Forese

fo-ré-se

Significato Di campagna

Etimologia dal latino forensis ‘estraneo’.

  • «È un'usanza forese.»

La contrapposizione fra città e campagna si porta sempre dietro una quantità di connotazioni, di giudizi — che spesso per antico retaggio ruotano intorno al fatto che la campagna è grezza, come chi l’abita. Beninteso, sono lontani i tempi in cui queste forme di pensiero urbanocentrico erano nette e incontrovertibili — quelle che ad esempio hanno generato la cesura fra il villano e l’urbano. Negli ultimi decenni le esperienze che ci hanno reso la campagna più attraente e pettinata si sono moltiplicate.
Così a volte ci può far piacere avere una parola nuova, che si è conservata un po’ più pulita rispetto alle sinonime — perché, come accade agli attrezzi, è meno usata.

‘Forese’ magari ce lo abbiamo in mente come antico nome di persona, perché Forese Donati era un poeta amico di Dante (disputarono una famosa tenzone in versi, e lo incontrerà fra i golosi in Purgatorio), ma è anche un nome comune, e un aggettivo. Nell’italiano antico si diceva forese chi abitava fuori città; è un derivato del latino forensis, un forensis che non ci parla del foro e di dibattiti in tribunale, ma più strettamente di fores. Non serve una dottrina somma per indovinare in questo fores una parentela col nostro ‘fuori’, ma possiamo notare che propriamente fores è l’uscio di casa. Così, con la proiezione di questa apertura tramite cui si manifesta il fuori, il forensis diventa lo straniero, l’estraneo. Comunque anche il forum e quindi il forense-forense sono di questa pianta — il foro romano, piazza d’affari, politica e giudizi, prende forma in quanto spazio esterno.

Oggi ‘forese’ come sostantivo è desueto; solo al meridione sopravvive come bracciante agricolo di piccola azienda. Anche come aggettivo certo non è fra i più comuni ma almeno non è un arcaismo: in questa veste — e così torniamo al punto iniziale — ci racconta la qualità di chi o ciò che è ‘di campagna’. Si siede fra sinonimi di grande valore, certo.

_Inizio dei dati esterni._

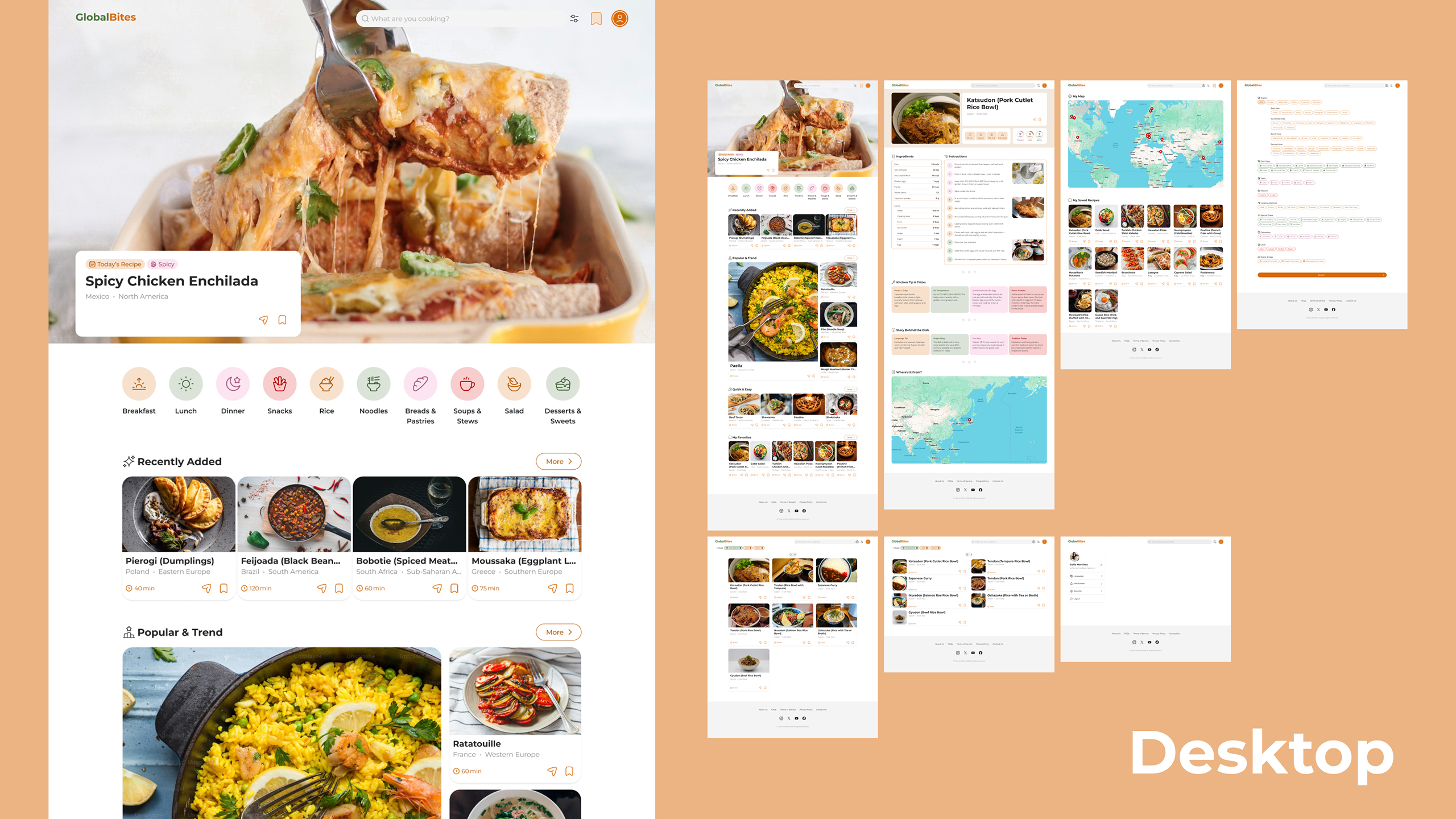 This project began when a friend of mine, who is a developer, wanted to create a recipe website for his portfolio. At the same time, I already had a draft design for a global recipe app that I had created previously. We decided to collaborate and adapt my existing app design into a website version that would better fit his development goals.

Pensiamo al rustico. Si riferisce storicamente proprio alla campagna (rus in latino), ed è un termine che troviamo sugli annunci immobiliari e sulla passata di pomodoro: da poco socievole, poco raffinato anzi scontroso schivo e sbrigativo, si è aperto a tutto un mondo di promesse di genuinità e di bellezza. Un tavolo rustico di rovere ineguale, un piatto rustico con sapori forti e pezzi grossi, una sistemazione rustica che ci sorprende rivedendo i parametri della comodità, hanno un respiro di libertà e parlano ai sensi in maniera forte e schietta, senza sofisticazioni. Il rurale (etimologicamente vicinissimo) invece ha un profilo un po’ più catastale, burocratico, tecnico. Il campagnolo può essere leziosetto — un soggiorno campagnolo, le primizie campagnole hanno una parte di sensualità meno marcata e un’affettazione maggiore, anche se non arrivano alle idealizzazioni bucoliche e arcadiche. L’agreste si impernia sulla serenità, come anche (pur se in modo forse più pesante) il campestre. Il contadino gioca a carte più scoperte con un aggancio al ruolo, a uno stile di vita della più antica tradizione, genuino ma forse più modesto.

Il forese, invece, ha un tratto arioso. Non affretta riferimenti, nemmeno alla campagna stessa, e non si affanna ad affastellare sensazioni e quadretti. È un tipo di qualità che si limita ad accennare a un fuori che nelle nostre esistenze è sempre più evidente e ha un richiamo sempre maggiore — fuori da caos, calure, costrizioni. Forse il solo profilo che ci evoca più direttamente è quello, informe enorme e pieno di promesse, del fuori porta (che abbiamo or ora scoperto essere un pleonasmo). Siamo sempre nell’ambito dell’impressione, ma è un termine che può avere un ruolo nell’evoluzione del rapporto fra campagna e città, e nella sua indagine compiuta dai nostri discorsi e dai nostri pensieri.

Così parliamo dei nostri passatempi foresi (un tuffo nel bosco, una piantumazione curiosa), delle manifestazioni foresi che richiamano partecipanti da accolte di case, borghetti e casali isolati, delle libertà foresi liberamente concesse a ragazzini e ragazzine, delle semplicità di un teatro forese, di un’apparecchiatura della tavola alla forese.
Ogni parola fa una cosa diversa, e quelle inusuali possono avere chiavi impensate.